YOUR OBJECTIVE
Except for the images, repeat the entries below word for word.

SUPPLIED MATERIAL
● ● ● ● ●

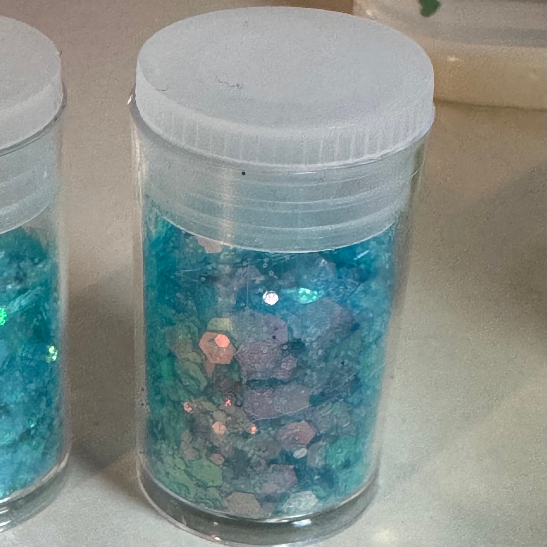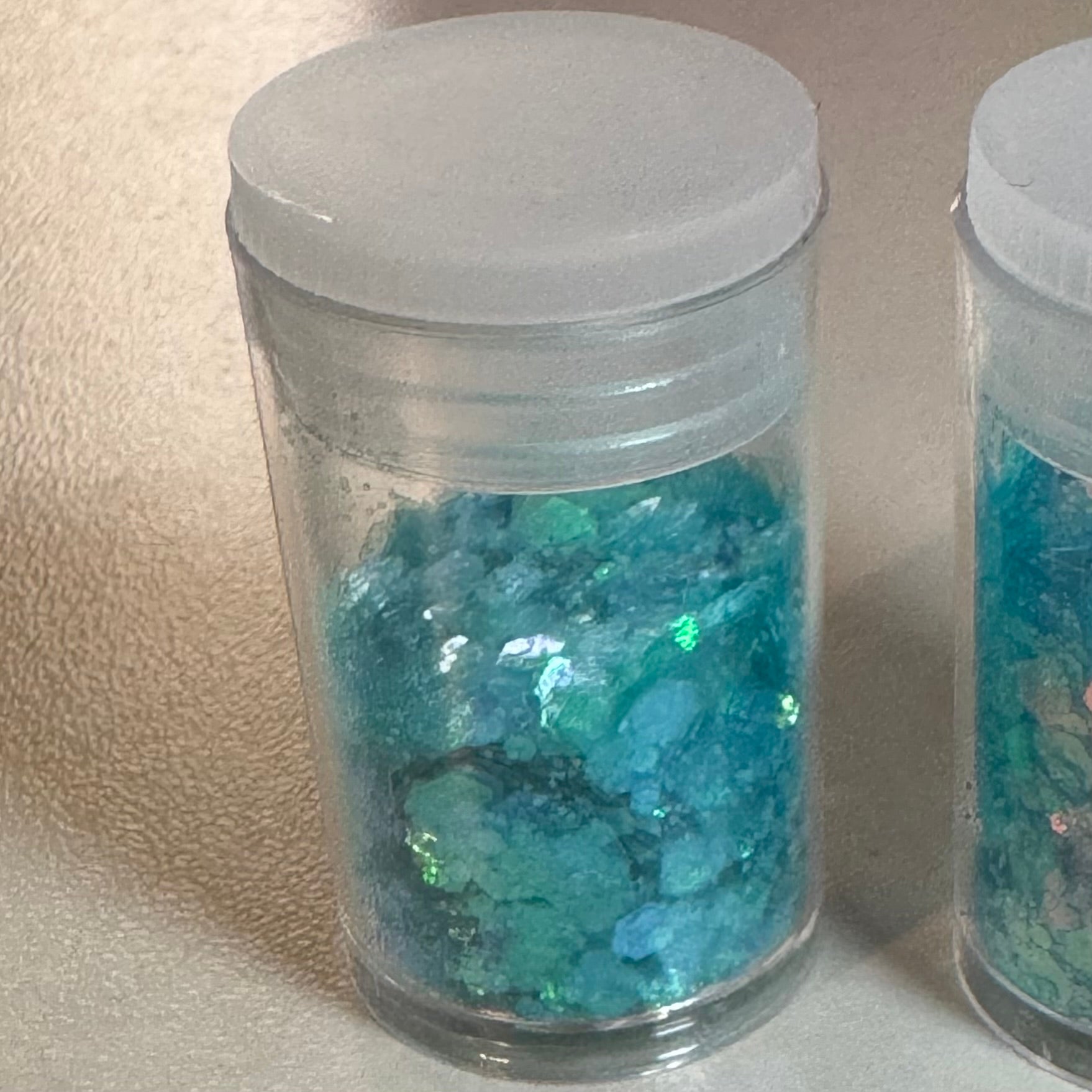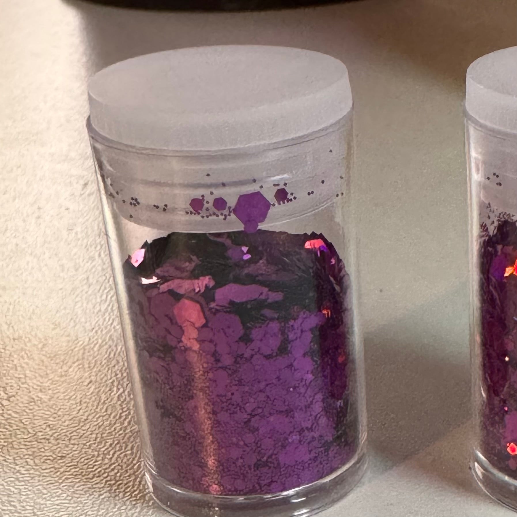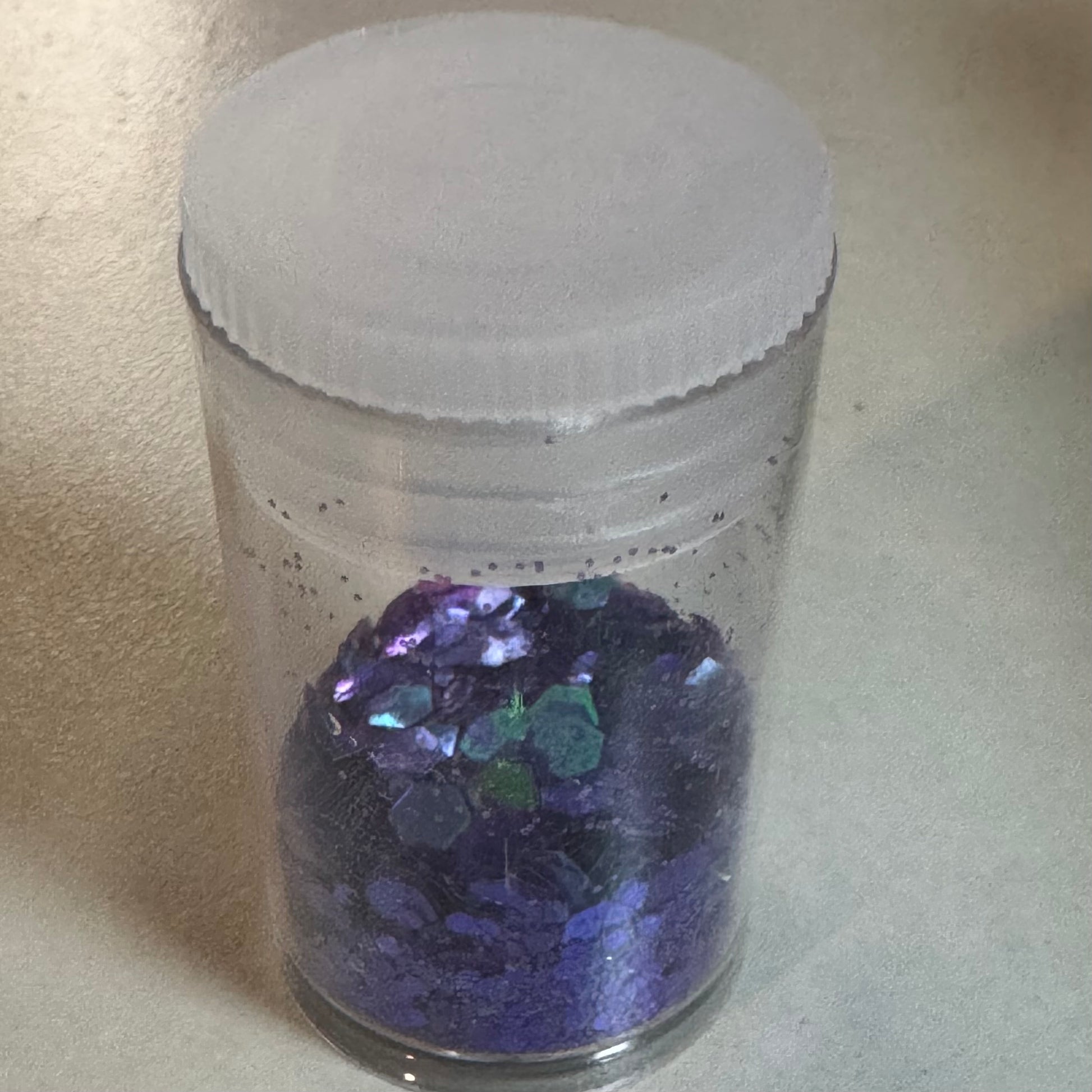 This is what the eyes look like before I paint glitter onto the backs to fill the clear part! I mix UV curing resin with your chosen glitter, paint it onto the eye, and cure under a UV lamp to solidify the glitter. I like to add a final layer of resin mixed with coloured pigment powder (I make sure the coloured powder matches the glitter colour!) onto the back of the glitter layer to seal it and leave a smooth surface on the back of the eye!
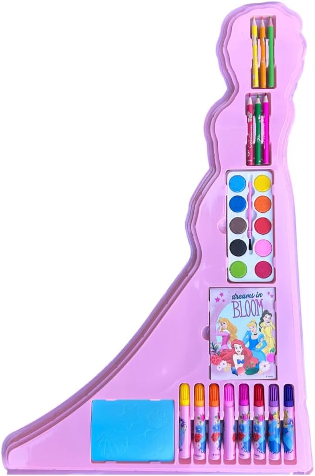 La confezione sagomata dei tuoi personaggi preferiti! Contiene: 12 colori a cera, 12 pastelli, 16 pennarelli, 2 notebook, 2 stencil, 10 acquerelli e 1 pennello. Ottima idea Regalo. Dimensioni Confezione: 61x29x3 Cm.
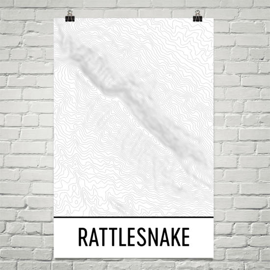 Look as the Rattlesnake Ridge moves from the south to north on this modern art poster. The Rattlesnake Ridge print shows the mountain as it stretches along the state of Washington with the Raging River going through the middle. Look as hundreds of contour lines move along the map with many of them moving more than three thousand feet in elevation. Our poster will bring back memories of the rocky paths and distinct forest spaces that make this part of Washington a memorable place for hiking. Order this for the hiker in your life or to celebrate your conquering of this mountain.
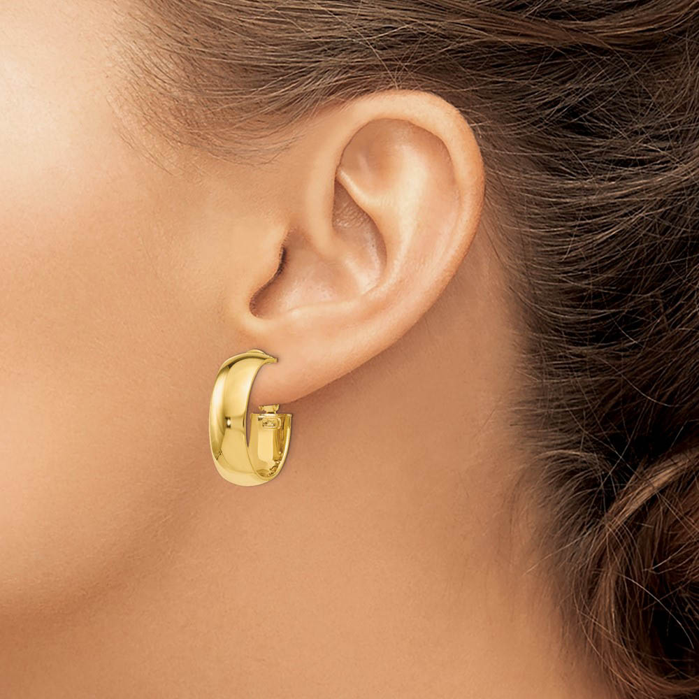 Simplicity offers versatility and timeless appeal. This oval hoop is designed from 14k yellow gold with a polished hollow tubing that is approximately 7.5mm (5/16 inch) thick, 19mm (3/4 inch) in width by 23mm (15/16 inch) in length. Made in Italy.
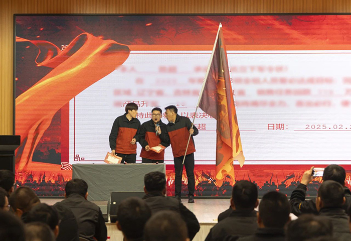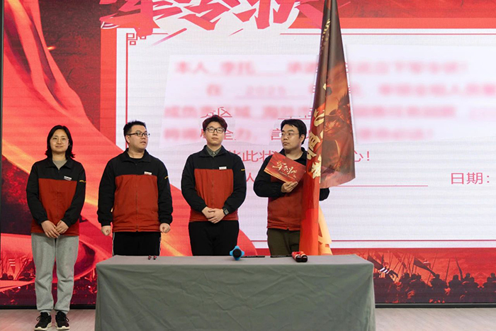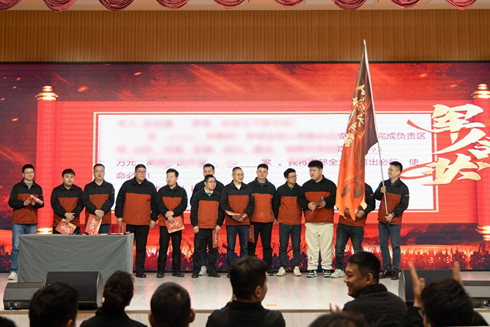 在热血沸腾的誓师环节,各区域销售团队代表依次登台,庄重地立下军令状。他们言辞坚定,掷地有声地承诺“将全力以赴,克服一切困难,坚决完成既定的销售目标”。团队成员信心满满的表示:“我们这支团队拥有坚韧不拔的意志和无往不胜的决心,在新的一年里,必将披荆斩棘,创造更加辉煌的业绩,为公司的发展贡献全部力量!”
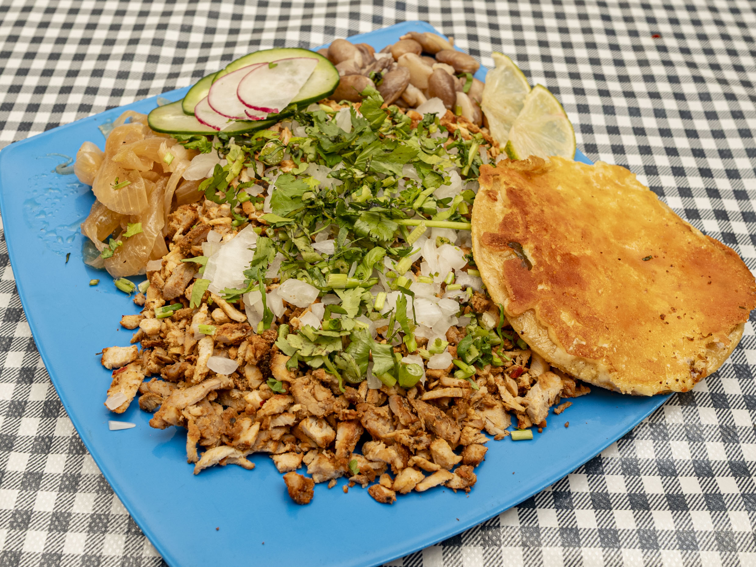 Quesadilla de tortilla de harina acompañada con la carne a su elección, verdura y salsa (verde, roja, guacamole).

● ● ● ● ●

PROBLEM SOLUTION
 This is what the eyes look like before I paint glitter onto the backs to fill the clear part! I mix UV curing resin with your chosen glitter, paint it onto the eye, and cure under a UV lamp to solidify the glitter. I like to add a final layer of resin mixed with coloured pigment powder (I make sure the coloured powder matches the glitter colour!) onto the back of the glitter layer to seal it and leave a smooth surface on the back of the eye!
 La confezione sagomata dei tuoi personaggi preferiti! Contiene: 12 colori a cera, 12 pastelli, 16 pennarelli, 2 notebook, 2 stencil, 10 acquerelli e 1 pennello. Ottima idea Regalo. Dimensioni Confezione: 61x29x3 Cm.
 Look as the Rattlesnake Ridge moves from the south to north on this modern art poster. The Rattlesnake Ridge print shows the mountain as it stretches along the state of Washington with the Raging River going through the middle. Look as hundreds of contour lines move along the map with many of them moving more than three thousand feet in elevation. Our poster will bring back memories of the rocky paths and distinct forest spaces that make this part of Washington a memorable place for hiking. Order this for the hiker in your life or to celebrate your conquering of this mountain.
 Simplicity offers versatility and timeless appeal. This oval hoop is designed from 14k yellow gold with a polished hollow tubing that is approximately 7.5mm (5/16 inch) thick, 19mm (3/4 inch) in width by 23mm (15/16 inch) in length. Made in Italy.
 在热血沸腾的誓师环节,各区域销售团队代表依次登台,庄重地立下军令状。他们言辞坚定,掷地有声地承诺“将全力以赴,克服一切困难,坚决完成既定的销售目标”。团队成员信心满满的表示:“我们这支团队拥有坚韧不拔的意志和无往不胜的决心,在新的一年里,必将披荆斩棘,创造更加辉煌的业绩,为公司的发展贡献全部力量!”
 Quesadilla de tortilla de harina acompañada con la carne a su elección, verdura y salsa (verde, roja, guacamole).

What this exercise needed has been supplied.